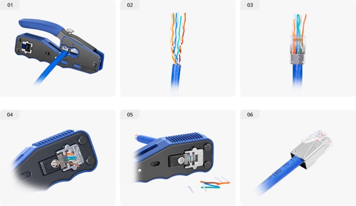 Moderní průchozí konektor RJ45 výrazně zjednodušuje vydělávání hrotu, což umožňuje úplné protažení žil přes zástrčku. Díky průchodu jsou žíly rovnoměrně uspořádány, instalatér získá vizuální kontrolu pořadí uspořádání žil před utažením.
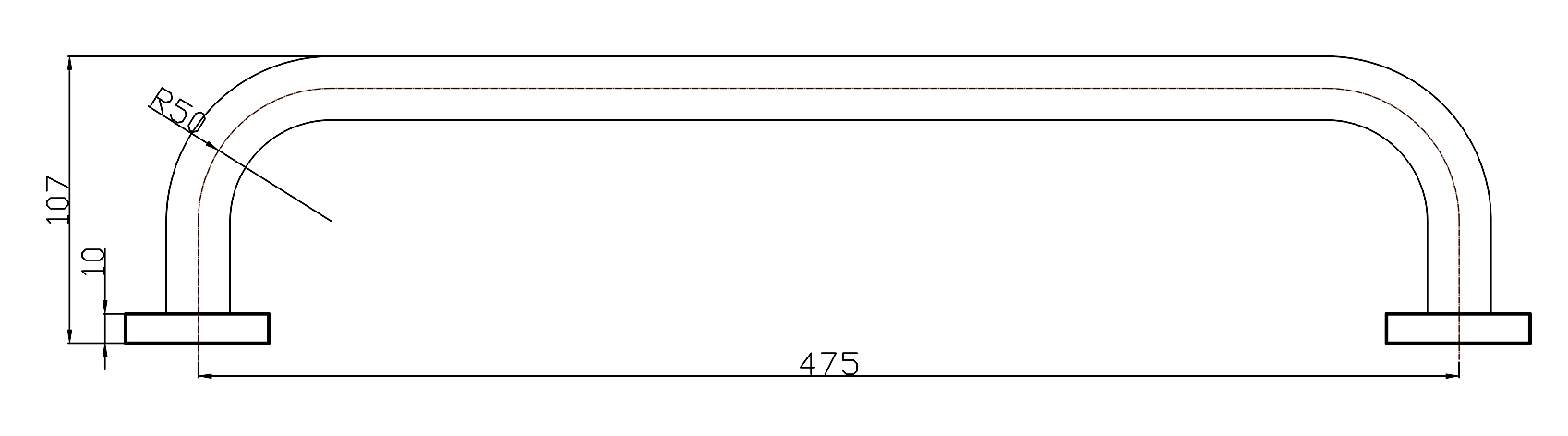 Manillón-toallero recto para adosar a la pared, con dos apoyos y de doble uso: toallero y asidero.
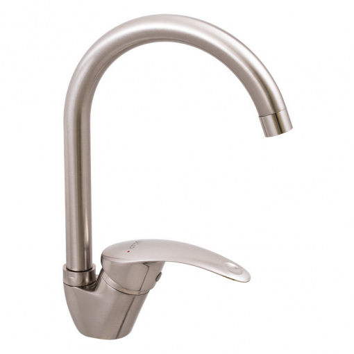 Одноручковий змішувач для кухні CRON MARS 777-G (CR0784) монтується під один отвір (мийка, стільниця, підвіконня) на гайку. Матеріал корпусу – стійкий до корозії силумін (сплав алюмінію з кремнієм). Колір покриття - нержавіюча сталь. Довжина поворотного виливу - 18 см. Запірний елемент - керамічний картридж діаметром 40 мм. Підключається до трубопроводу двома гнучкими підводками, які йдуть у комплекті разом із кріпильним елементом та гумовими прокладками. Поставляється у фірмовій коробці Cron.
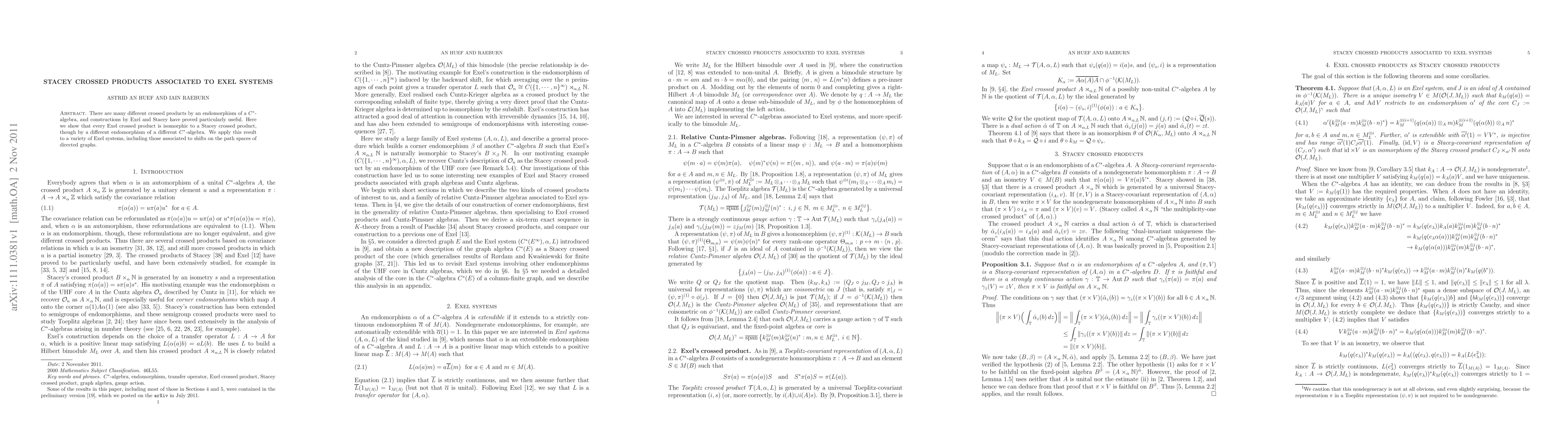 This paper demonstrates that every Exel crossed product is isomorphic to a Stacey crossed product, albeit through distinct endomorphisms and C*-algebras. The authors apply this result to various Exel systems, particularly those linked to shifts on directed graph path spaces.
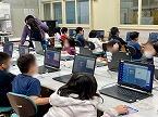 4年1組は総合学習で取り組んでいるハチミツに関連して、ミツバチについて調べていました。その後は、調べたことを発表名人というソフトを使ってプレゼンするということです。2組は社会科で「国際交流に取り組む浦添市」ということでJICA沖縄について調べる計画を立てていました。
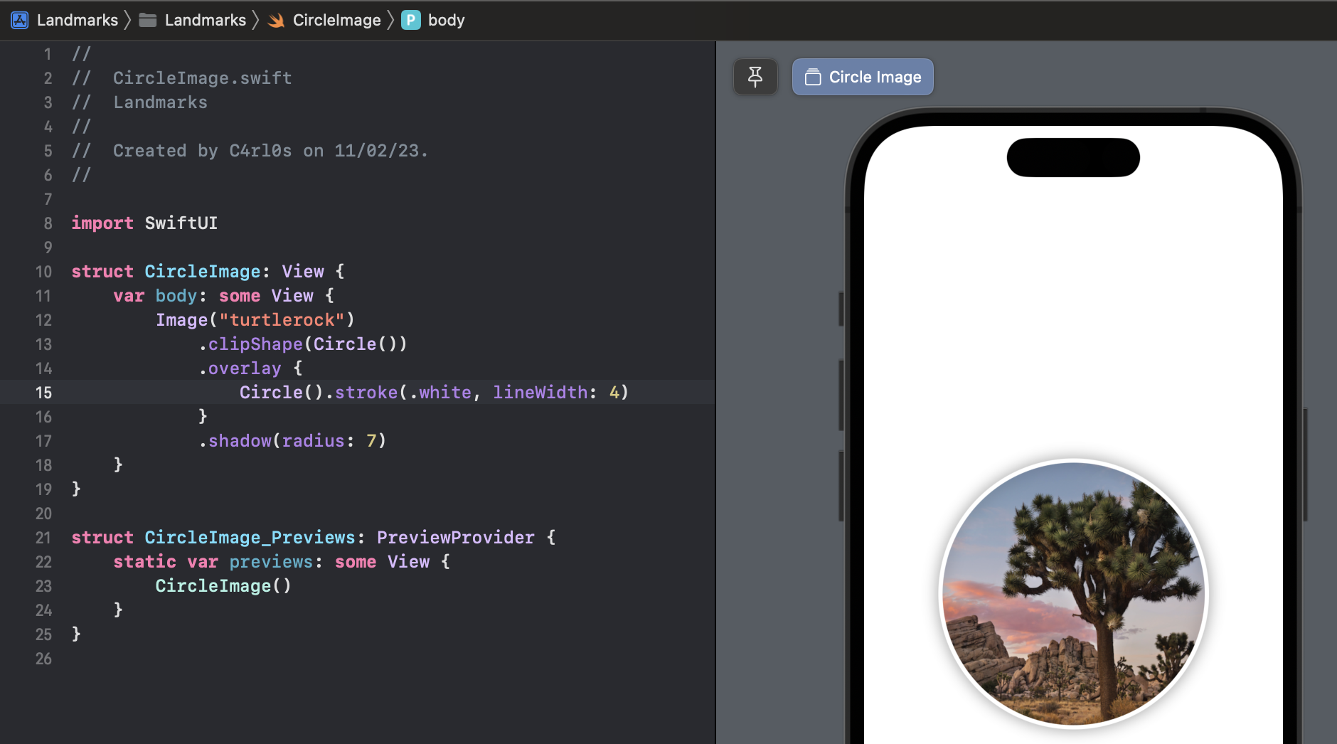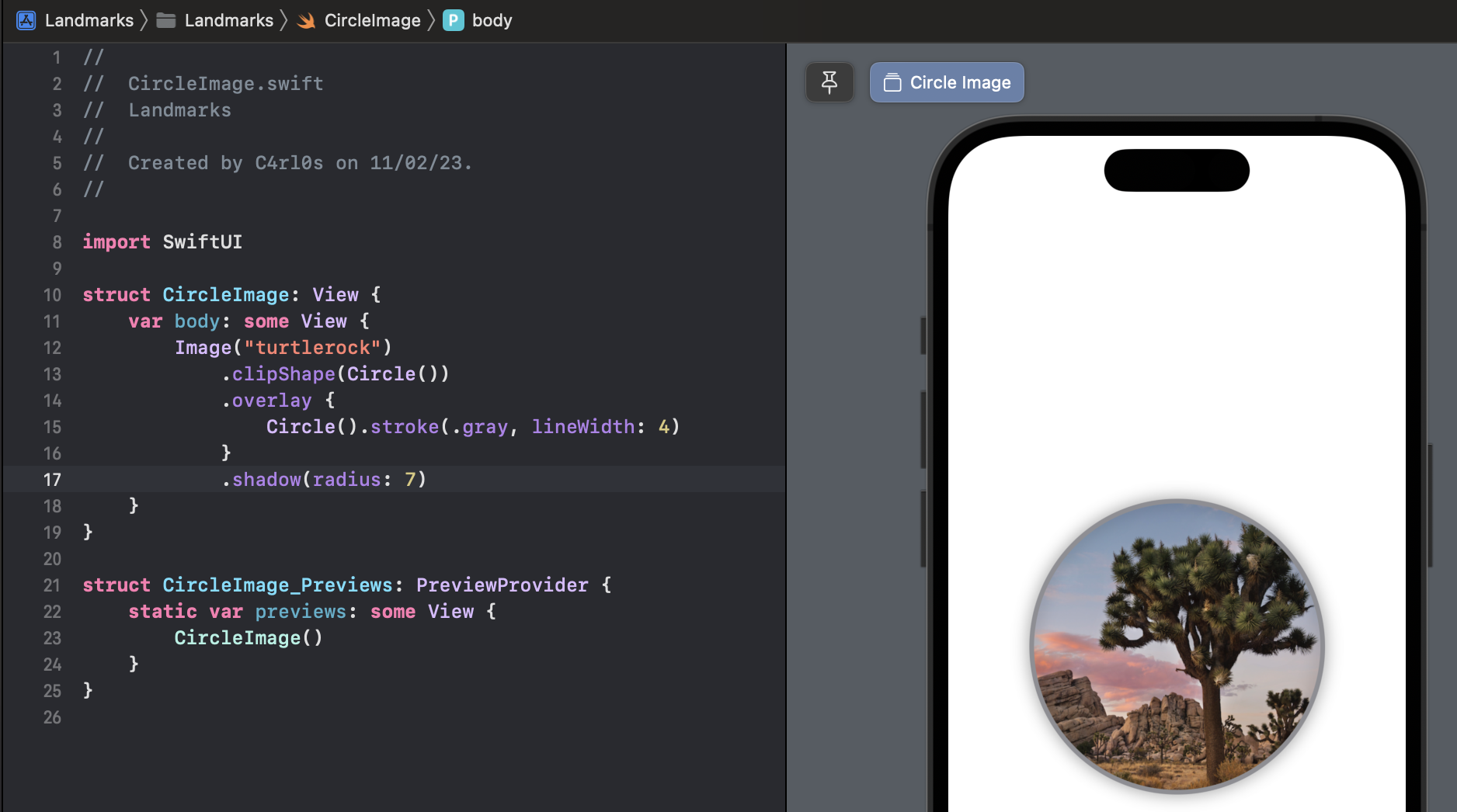 Instead of adding more code in this file, you’ll create a custom view that applies a mask, border, and drop shadow to the image.
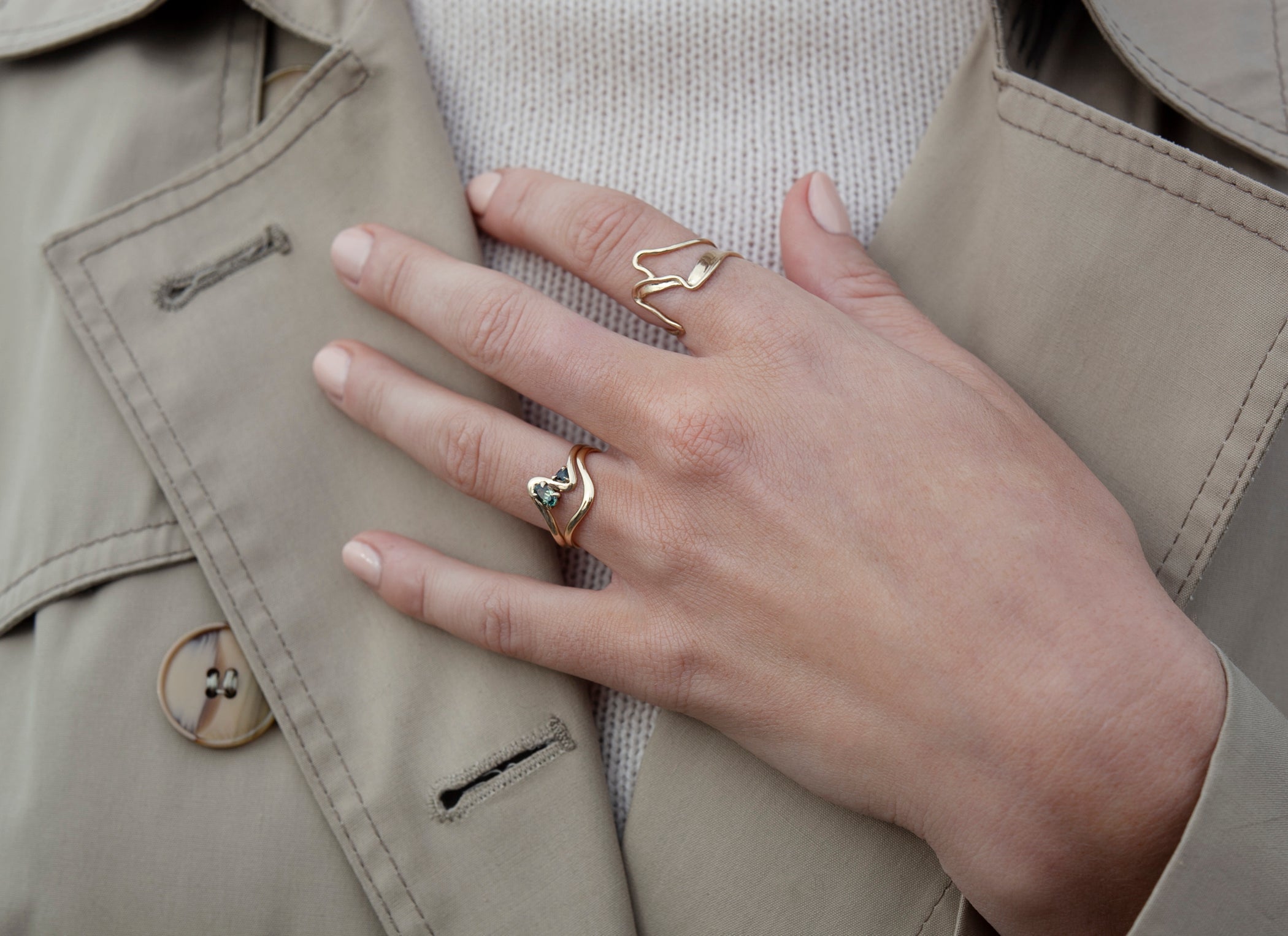 This ring was designed in Vermont and hand fabricated by a 3rd generation family owned workshop in NYC. The ring is made from recycled gold and features two ethically sourced sapphires from Queensland, Australia.
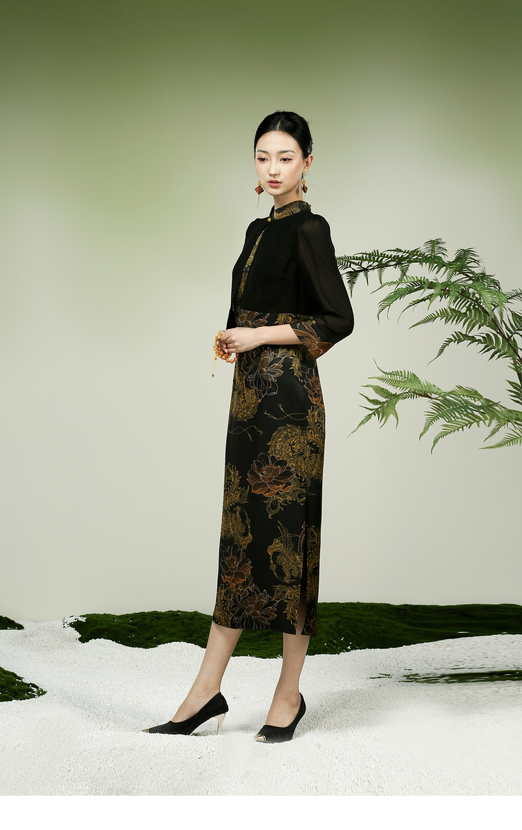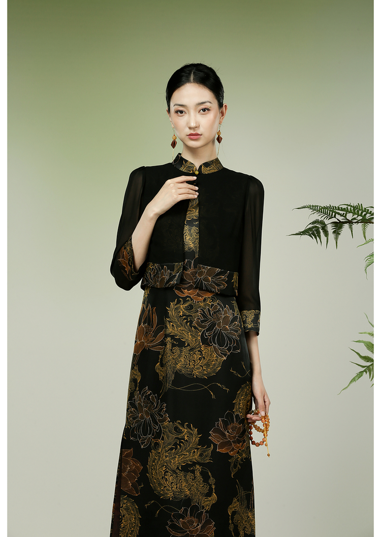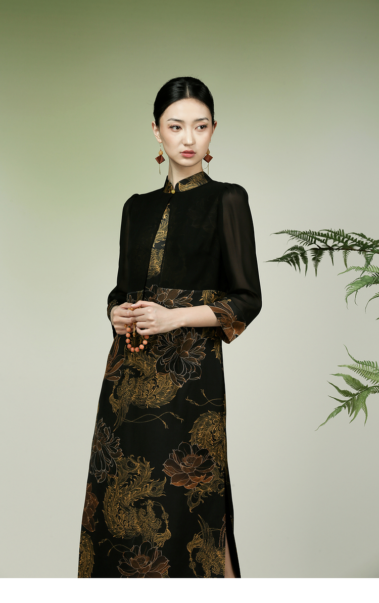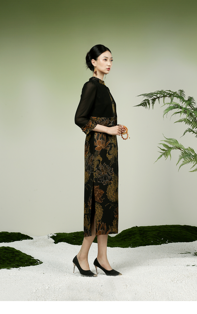 吉祥衣家新中式国风春夏新款高端气质显瘦修身女装凤舞荷韵连衣裙
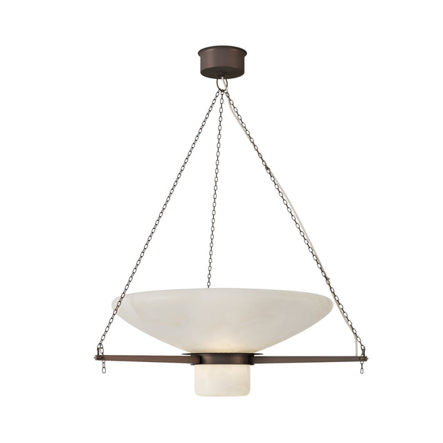 Virello LED Alabaster Single Pendant Light presents a sculptural interplay of alabaster and metalwork, refined into a striking suspended form that feels both architectural and serene. The design is centered around a broad hand carved alabaster bowl, each piece showcasing natural veining that diffuses light into a warm, atmospheric glow. The alabaster bowl hangs weightlessly from three slender chains that converge at a simple canopy, offering a clean visual line that balances softness and structure.
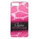 Coque iphone à motif animal brillant dans les tons noir et rose. Personnalisez cet objet avec votre nom complet. Voici l'exemple actuel : Claire Mcdonald. Ce motif original de Sarah Trett, est basé sur le dessin trouvé sur une girafe avec un moiré mi-teint point gain motif superposition.
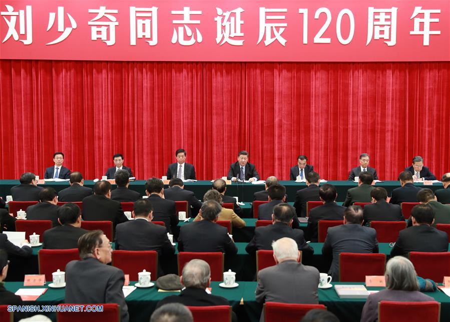 El Comité Central del Partido Comunista de China (PCCh) sostiene un simposio para conmemorar el 120 aniversario del nacimiento de Liu Shaoqi, en el Gran Palacio del Pueblo en Beijing, capital de China, el 23 de noviembre de 2018. El presidente chino, Xi Jinping, también secretario general del Comité Central del PCCh y presidente de la Comisión Militar Central, pronunció un discurso en el simposio, al que también asistieron Li Keqiang, Li Zhanshu, Wang Yang, Wang Huning, Zhao Leji y Han Zheng, todos miembros del Comité Permanente del Buró Político del Comité Central del PCCh. (Xinhua/Pang Xinglei)
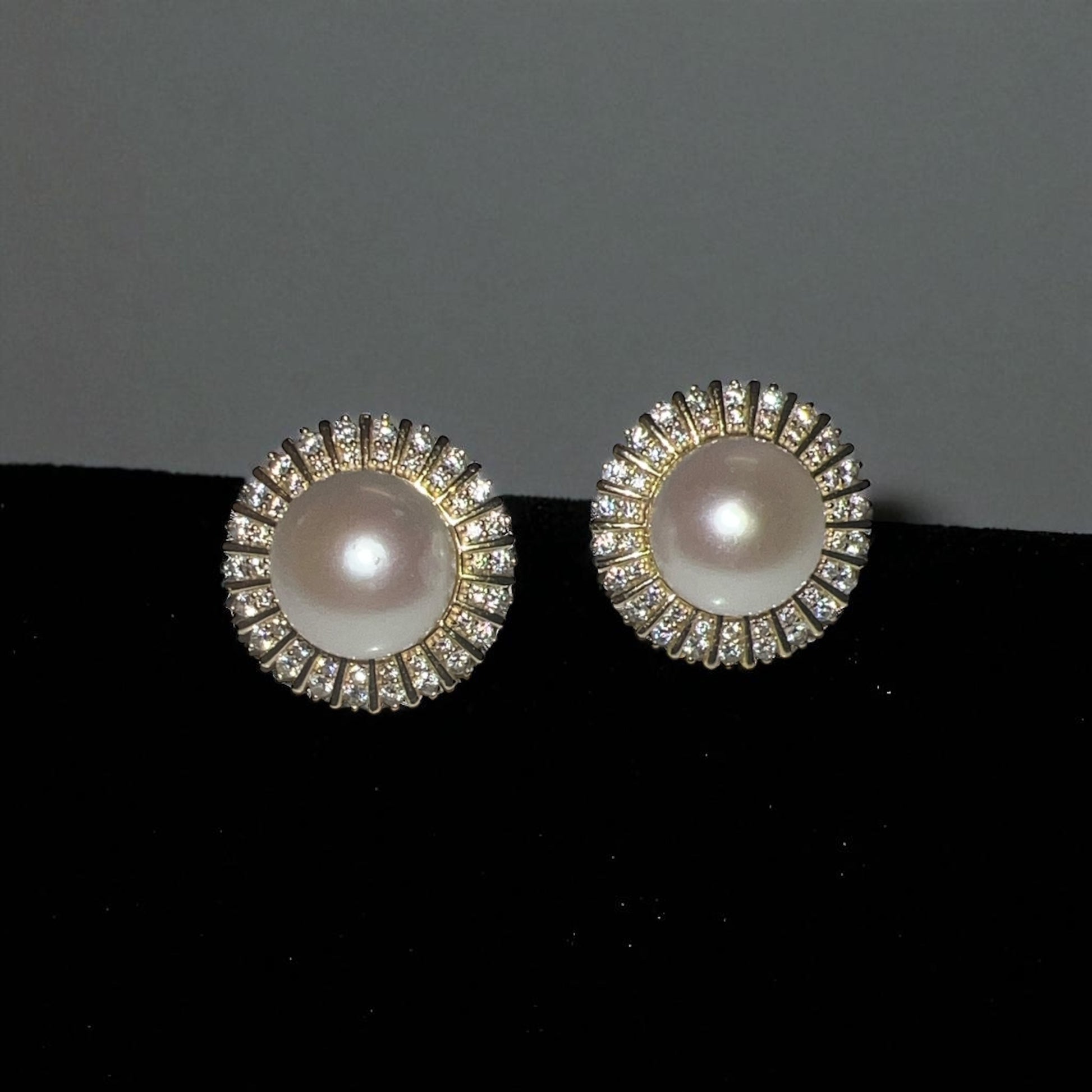 These Pearl Statement Earrings are the perfect blend of elegance and versatility. Crafted with high-quality 14k gold over sterling silver, they feature stunning pearls and sparkling CZ stones. Whether for a wedding or a special occasion, these earrings will add a touch of sophistication and grace to any outfit.
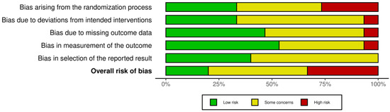 The risk of bias graph is reported in Figure 3. The overall level of risk of bias in all of the studies retrieved in this systematic review showed some concerns about the randomization process (selection bias), deviations from the intended intervention (performance bias), blinding of the outcome assessment (detection bias), incomplete measurement of the outcome data (attrition bias), and selective reporting of the results (reporting bias). More specifically, 47% of the studies highlighted some concerns, while 33% of them had a high risk of bias, and only 20% of them resulted having a low risk of bias.

** What to work on **
Copy exactly the part of the material above that opens with the line containing "Instead of adding" and closes with the line containing "El Comité Central del Partido", ends included. Drop the images.

** Finished task **
 Instead of adding more code in this file, you’ll create a custom view that applies a mask, border, and drop shadow to the image.
 This ring was designed in Vermont and hand fabricated by a 3rd generation family owned workshop in NYC. The ring is made from recycled gold and features two ethically sourced sapphires from Queensland, Australia.
 吉祥衣家新中式国风春夏新款高端气质显瘦修身女装凤舞荷韵连衣裙
 Virello LED Alabaster Single Pendant Light presents a sculptural interplay of alabaster and metalwork, refined into a striking suspended form that feels both architectural and serene. The design is centered around a broad hand carved alabaster bowl, each piece showcasing natural veining that diffuses light into a warm, atmospheric glow. The alabaster bowl hangs weightlessly from three slender chains that converge at a simple canopy, offering a clean visual line that balances softness and structure.
 Coque iphone à motif animal brillant dans les tons noir et rose. Personnalisez cet objet avec votre nom complet. Voici l'exemple actuel : Claire Mcdonald. Ce motif original de Sarah Trett, est basé sur le dessin trouvé sur une girafe avec un moiré mi-teint point gain motif superposition.
 El Comité Central del Partido Comunista de China (PCCh) sostiene un simposio para conmemorar el 120 aniversario del nacimiento de Liu Shaoqi, en el Gran Palacio del Pueblo en Beijing, capital de China, el 23 de noviembre de 2018. El presidente chino, Xi Jinping, también secretario general del Comité Central del PCCh y presidente de la Comisión Militar Central, pronunció un discurso en el simposio, al que también asistieron Li Keqiang, Li Zhanshu, Wang Yang, Wang Huning, Zhao Leji y Han Zheng, todos miembros del Comité Permanente del Buró Político del Comité Central del PCCh. (Xinhua/Pang Xinglei)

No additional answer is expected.